Allá por los años cincuenta y sesenta del siglo pasado, los niños de los pueblos teníamos que escoger, en llegando a los diez u once años, entre ir a estudiar o quedarnos en casa (en realidad eran los padres o la familia los que elegían, pero a los efectos es igual). Lo primero significaba marchar a la capital de la provincia, o más lejos aún, e ingresar como alumnos internos en un seminario de curas o en un colegio de frailes; lo segundo, aguantar en la escuela hasta los catorce años y continuar luego arando las tierras y cuidando de los animales.
Para mejorar y llegar a ser alguien no hay más salida que los estudios, nos decían, y comparaban para ilustrarlo la vida de un maestro y la de un pastor, o la de un cura y la de un minero.

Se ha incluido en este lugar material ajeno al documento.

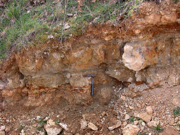 Au-dessus de cette surface, le pavage d'oncolithes ferrugineux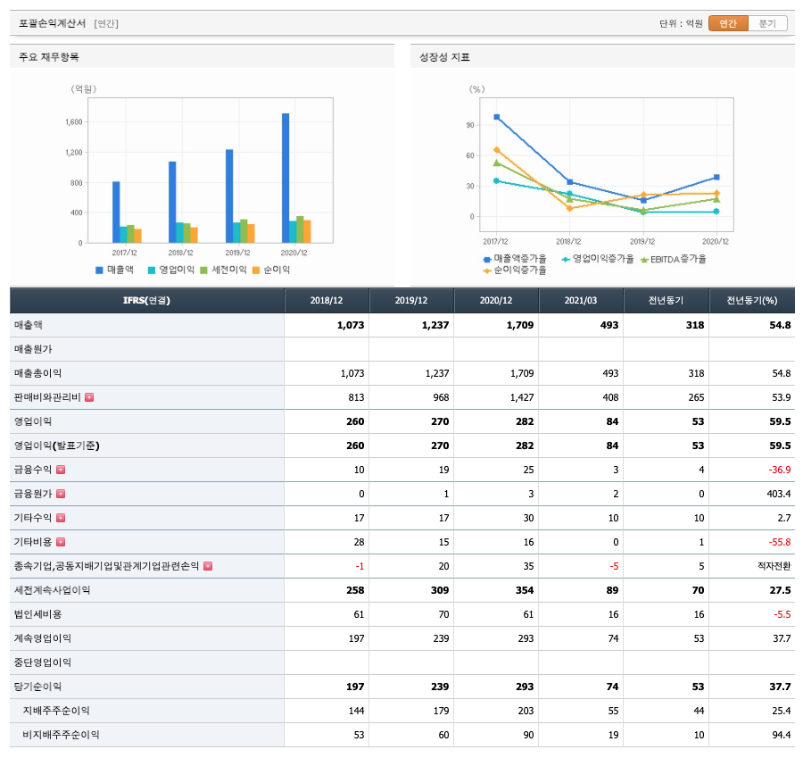 매출액 : 2018년 1073억원, 2019년 1237억원, 2020년 1709억원으로 증가하였고, 2021년 1분기 493억원으로 전년동기대비 증가하였습니다. 2021년 1분기는 전년동기대비 54.8% 증가하였습니다. 2020년 분기별로 보면 2분기 454억원, 3분기 457억원, 4분기 480억원입니다.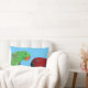 den beställnings- dekorativ kudde med följepapegojainställning av scarlet fjädrar som presenterar en manlig och den kvinnliga eclectusen, mekaniskt säga efter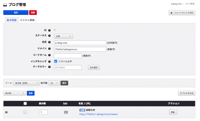 次に 管理ページ > ブログ より、ブログの管理ページから右下にある 子ブログを作成 をボタンクリックし コードネーム news でブログを作ります。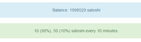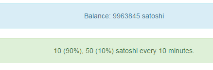 bestiya Posted 17 Jan 2017, 18:24 Author Posted 17 Jan 2017, 18:24 изменился план вознаграждений 10 (90%), 50 (9%), 100 (1%) satoshi every 10 minutes. 10 satoshi was sent to you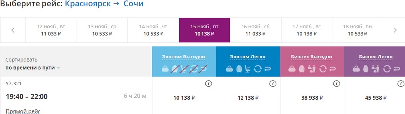 Подведу итог по возможным вариантам авиаперелета из Красноярска в Сочи: когда дата моего путешествия совпадает с графиком полетов NordStar, я отдаю предпочтение этому оператору, ведь преодолеть маршрут с ним можно максимально быстро. В весенне-летний период конкурировать с этой авиакомпанией может «Аэрофлот» — хотя билеты у него дороже, зато расписание удобнее.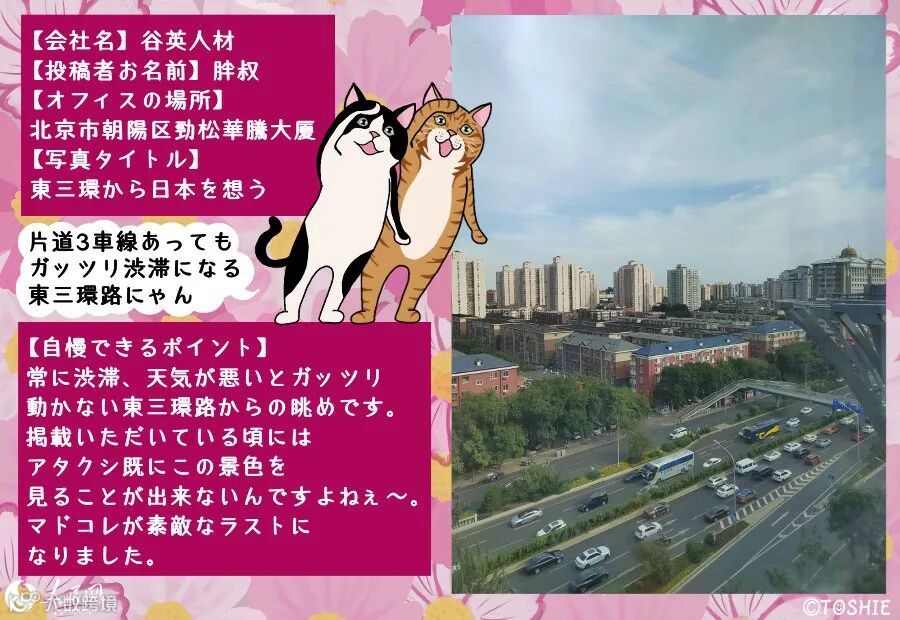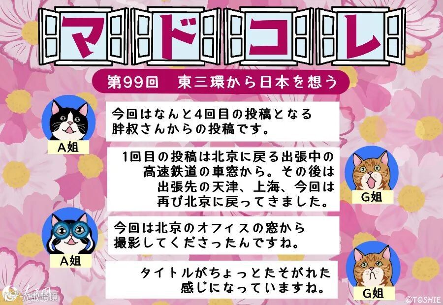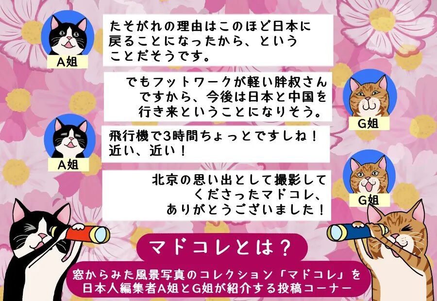 ウチのオフィスの窓からは、こんな風景またはこんなモノが見えると自慢していただく「マドコレ(窓から見た風景コレクション)」コーナー。どこまでも続く青い空や遠くに見える山々といった自然の風景から、オフィス街に建ち並ぶ高層ビルや幹線道路を走る車、庶民の暮らしが垣間見えるローカルな街並み、はたまた移動中の車窓からの眺めなどなど、高さや場所も異なれば、その窓から眺める風景も千差万別。中には仕事の意欲をアップさせてくれる元気の出る光景もあれば、疲れを癒してくれるほっこりした風景も。そんな皆さまからお寄せいただいたマドコレの数々を、毎週火曜日に、人民網日本人編集者のA姐とG姐がコメントしながら、のんびり紹介していきます。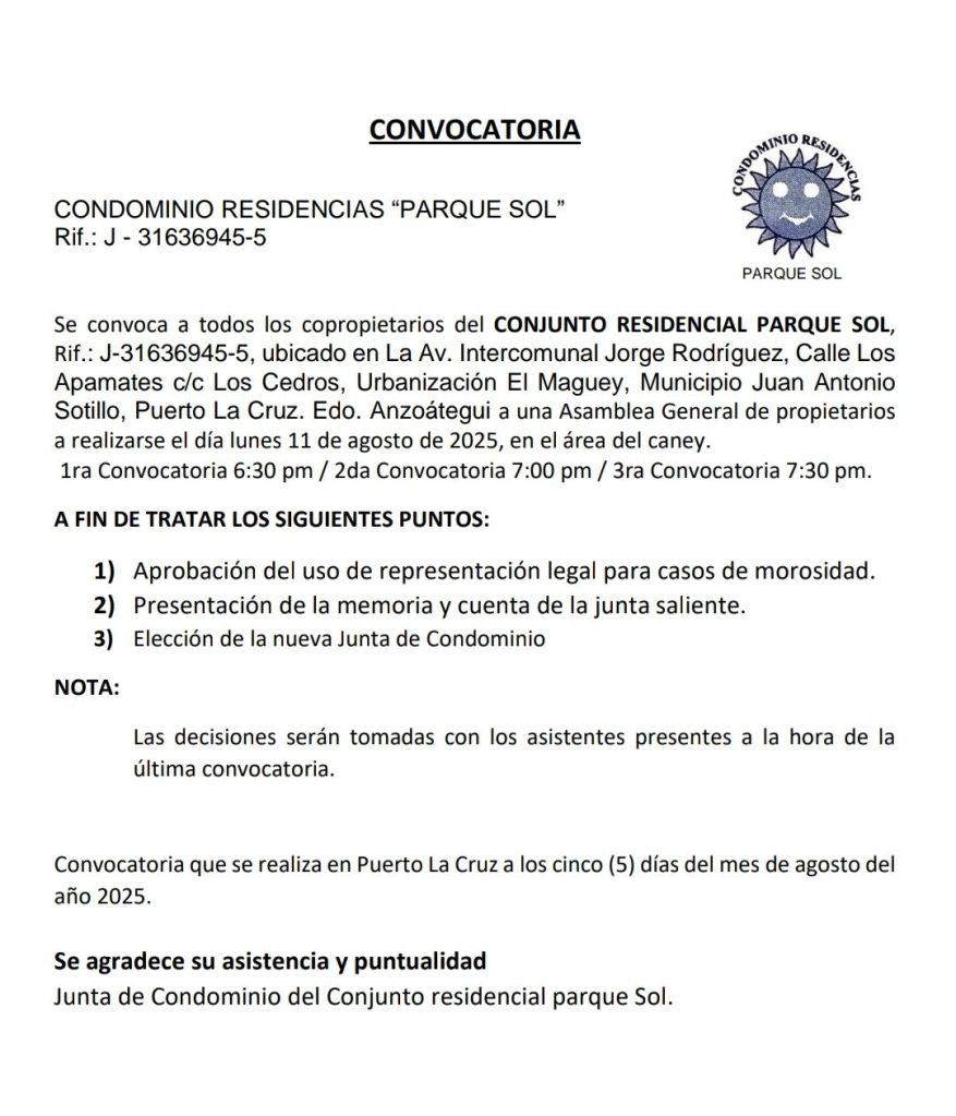 Se convoca a todos los copropietarios del CONJUNTO RESIDENCIAL PARQUE SOL,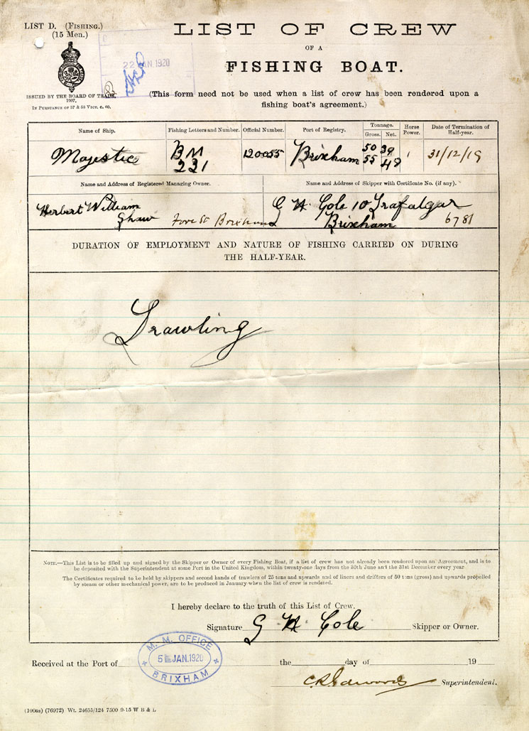Description: Includes information on the type of fishing being done and the general area where the fishing will occur, a list of crew, and accounts of apprentices, births, and deaths on board.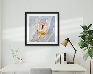 //www.scottleggo.com/cdn/shop/files/mark-of-time-abstract-wall-art-print-of-snow-gum-bark-with-white-frame-hung-in-home-office..webp?v=1761091412 1.25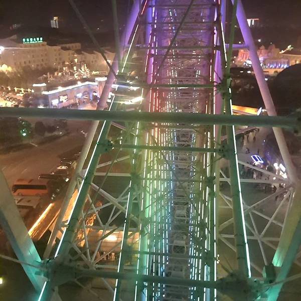 项目介绍:摩天轮重点介绍,排队时间一般在40分钟左右,可以在高空欣赏风景,夜景很漂亮.梦幻谷还有剧场表演--梦幻太极和暴雨山洪,梦幻太极的舞台效果不错,特效做的很好,但是缺少点剧情,暴雨山洪前1-8排可以体验湿身感,不容错过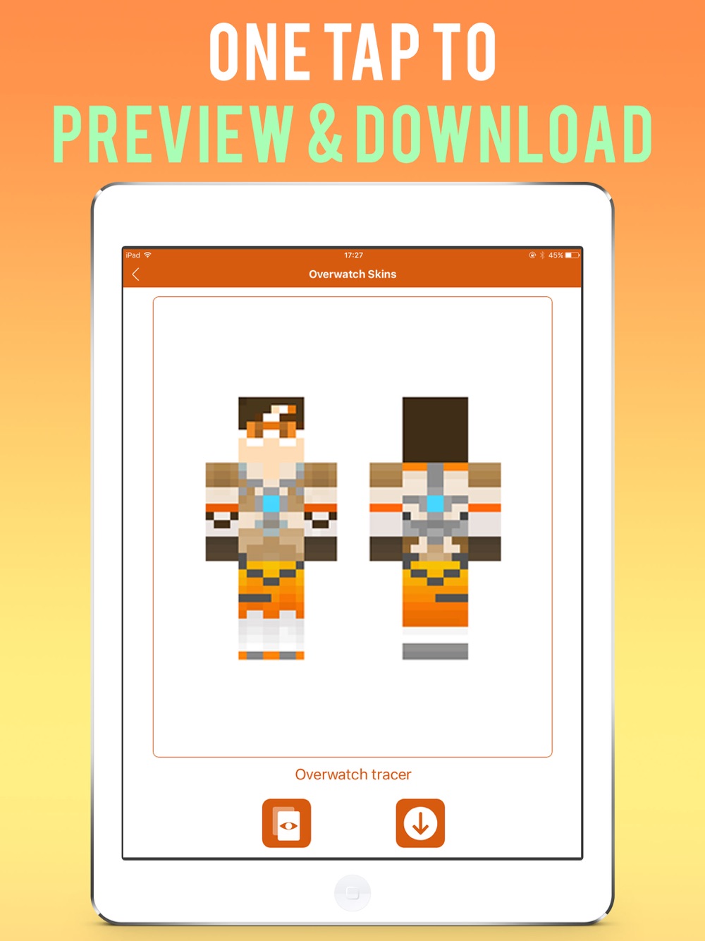 Dozens of Overwatch skins are available for Minecraft now! Download this app for free and you can find various skins of Overwatch heroes inside.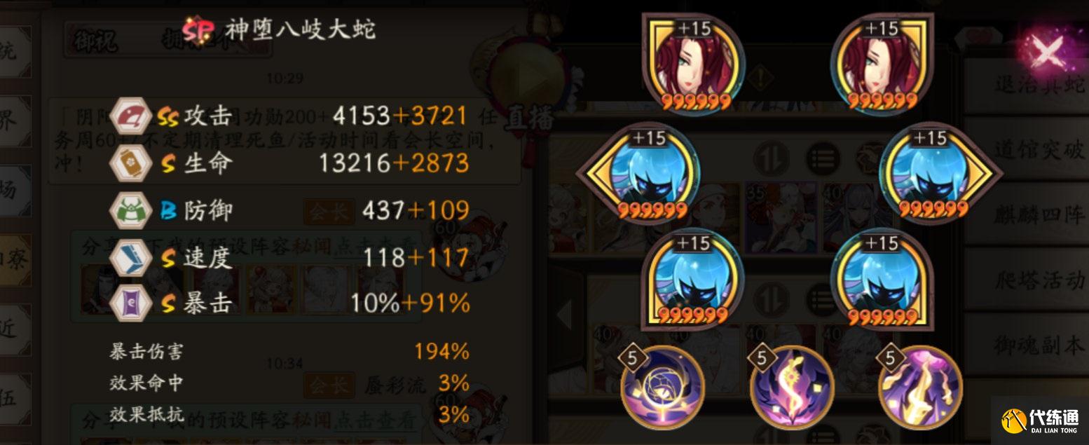 SP大蛇+饭笥+不见岳+SP辉夜姬+(驴/sp灯/不知火),9层要求速度235,10层185即可,暴击套破势大蛇就OK,9-10层饭笥才需要出手

De gran peso eran también y muy persuasivas las razones que esgrimían los frailes que pasaban por los pueblos reclutando discípulos: un colegio con salas de estudio, salón de juegos, dormitorios con las camas en doble fila, biblioteca, duchas y dos campos de fútbol, uno para los pequeños y otro reglamentario para los mayores; esto, lo de los campos de fútbol, especialmente el reglamentario, con red en las porterías y raya blanca en las áreas, el medio campo y las bandas, solía ser el argumento definitivo.
Conque casi todos acabamos estudiando para curas en el seminario o para frailes oblatos, agustinos, dominicos, etc., en el colegio respectivo.
La vida en aquellos internados era triste como un lunes perpetuo y tediosa hasta la grisura más descolorida, pero allí aprendimos el valor del esfuerzo y de allí salimos con una más que notable formación, humanística sobre todo. Y pocos días tan felices como aquel en que, después de tres meses interminables, volvimos por primera vez a casa de vacaciones, que fue por estas fechas.
(La Razón, 16 de diciembre de 2019)
En llegando a los sesenta y tantos mirar aquella realidad sólo puede deberse a la fotografía o a la memoria de David.